» **Task to carry out**:
Only the lines below from the one that holds "Huset er 58" through the one that holds "特怡诗整粒草莓冻干夹心巧克力球袋装抹茶玫瑰可可味(代可可脂)" should appear in the answer, copied exactly, end lines included and pictures omitted.

Source data
* * * * *

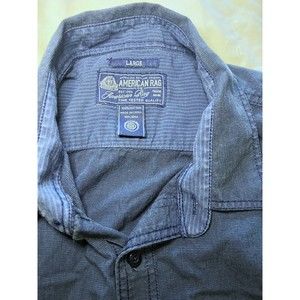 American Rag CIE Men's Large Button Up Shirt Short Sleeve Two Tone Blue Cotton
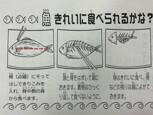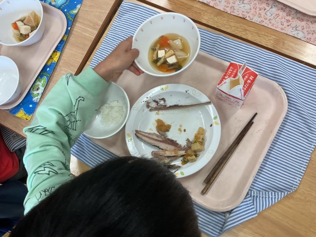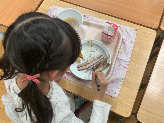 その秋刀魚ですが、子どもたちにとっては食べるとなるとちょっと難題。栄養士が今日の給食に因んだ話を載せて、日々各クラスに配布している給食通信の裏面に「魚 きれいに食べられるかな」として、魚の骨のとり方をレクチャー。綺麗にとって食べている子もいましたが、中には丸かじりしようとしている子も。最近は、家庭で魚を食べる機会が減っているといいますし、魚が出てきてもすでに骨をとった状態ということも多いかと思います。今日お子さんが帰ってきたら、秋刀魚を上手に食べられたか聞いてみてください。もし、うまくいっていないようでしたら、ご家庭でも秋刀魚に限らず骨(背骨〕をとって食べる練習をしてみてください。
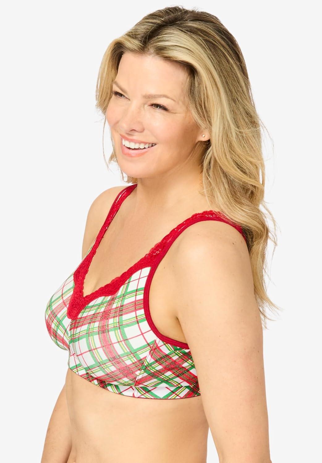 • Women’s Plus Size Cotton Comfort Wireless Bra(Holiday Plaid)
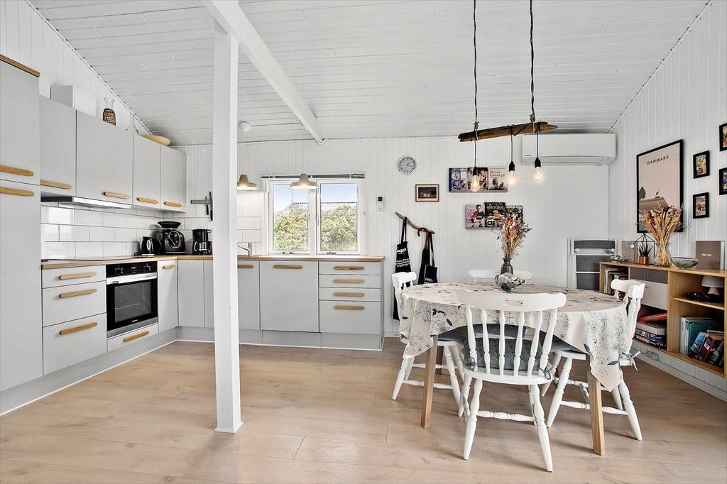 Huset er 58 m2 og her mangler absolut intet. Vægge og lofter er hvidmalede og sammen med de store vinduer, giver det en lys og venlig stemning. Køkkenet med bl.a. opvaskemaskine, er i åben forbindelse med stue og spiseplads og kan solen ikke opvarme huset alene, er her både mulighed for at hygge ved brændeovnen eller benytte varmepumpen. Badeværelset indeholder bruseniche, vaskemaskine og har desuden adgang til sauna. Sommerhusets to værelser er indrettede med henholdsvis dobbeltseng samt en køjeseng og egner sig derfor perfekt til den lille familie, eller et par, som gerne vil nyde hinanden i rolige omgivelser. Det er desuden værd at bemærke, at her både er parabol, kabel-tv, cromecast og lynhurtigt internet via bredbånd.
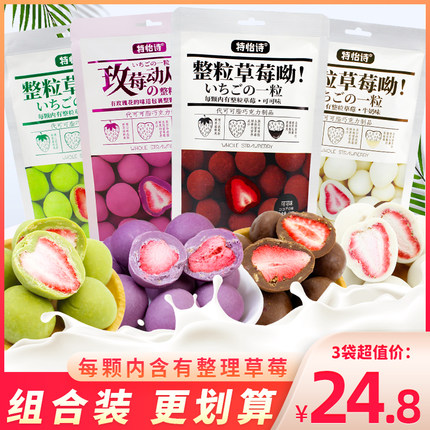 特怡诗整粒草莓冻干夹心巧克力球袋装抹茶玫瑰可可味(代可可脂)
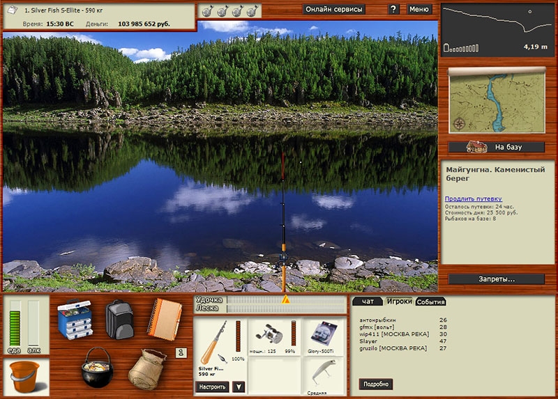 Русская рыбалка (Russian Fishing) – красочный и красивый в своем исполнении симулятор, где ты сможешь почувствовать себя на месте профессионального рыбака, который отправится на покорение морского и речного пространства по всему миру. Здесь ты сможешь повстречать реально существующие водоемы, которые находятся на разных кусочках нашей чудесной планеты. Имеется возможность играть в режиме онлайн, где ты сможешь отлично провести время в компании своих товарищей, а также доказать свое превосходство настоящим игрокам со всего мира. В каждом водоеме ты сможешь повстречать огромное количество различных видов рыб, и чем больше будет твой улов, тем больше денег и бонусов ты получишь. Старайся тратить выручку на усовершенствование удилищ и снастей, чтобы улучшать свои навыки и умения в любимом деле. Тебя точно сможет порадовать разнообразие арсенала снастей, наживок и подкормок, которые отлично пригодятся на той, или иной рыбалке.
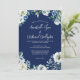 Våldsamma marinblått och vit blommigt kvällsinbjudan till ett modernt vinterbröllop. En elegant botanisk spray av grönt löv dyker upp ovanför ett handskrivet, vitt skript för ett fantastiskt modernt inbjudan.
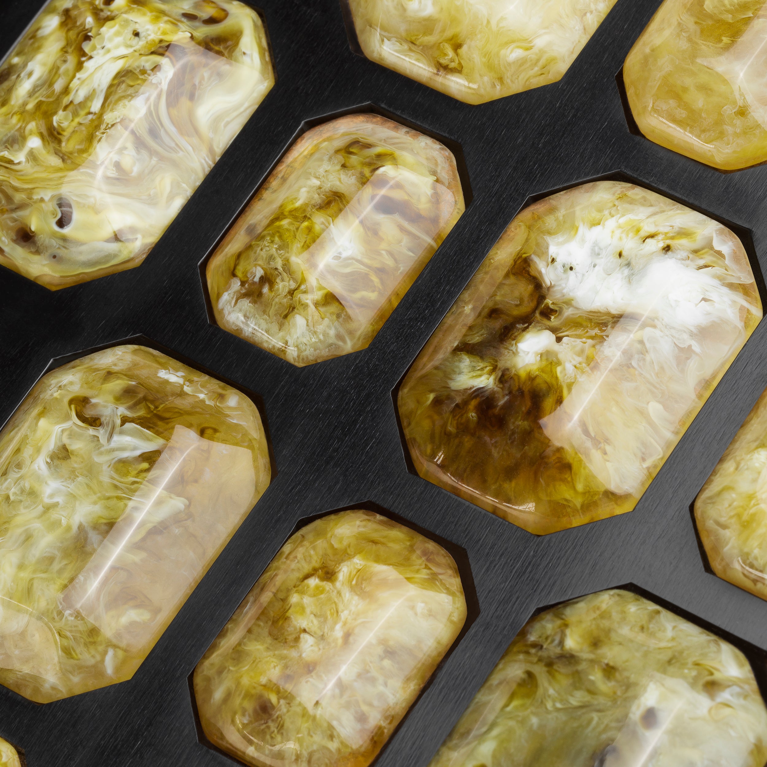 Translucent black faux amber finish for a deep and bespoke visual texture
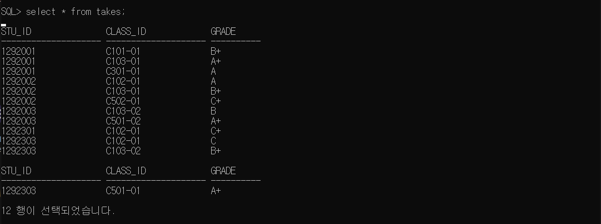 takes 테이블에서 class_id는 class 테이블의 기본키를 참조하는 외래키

* * * * *

» **Response for this exercise**:
 Huset er 58 m2 og her mangler absolut intet. Vægge og lofter er hvidmalede og sammen med de store vinduer, giver det en lys og venlig stemning. Køkkenet med bl.a. opvaskemaskine, er i åben forbindelse med stue og spiseplads og kan solen ikke opvarme huset alene, er her både mulighed for at hygge ved brændeovnen eller benytte varmepumpen. Badeværelset indeholder bruseniche, vaskemaskine og har desuden adgang til sauna. Sommerhusets to værelser er indrettede med henholdsvis dobbeltseng samt en køjeseng og egner sig derfor perfekt til den lille familie, eller et par, som gerne vil nyde hinanden i rolige omgivelser. Det er desuden værd at bemærke, at her både er parabol, kabel-tv, cromecast og lynhurtigt internet via bredbånd.
 特怡诗整粒草莓冻干夹心巧克力球袋装抹茶玫瑰可可味(代可可脂)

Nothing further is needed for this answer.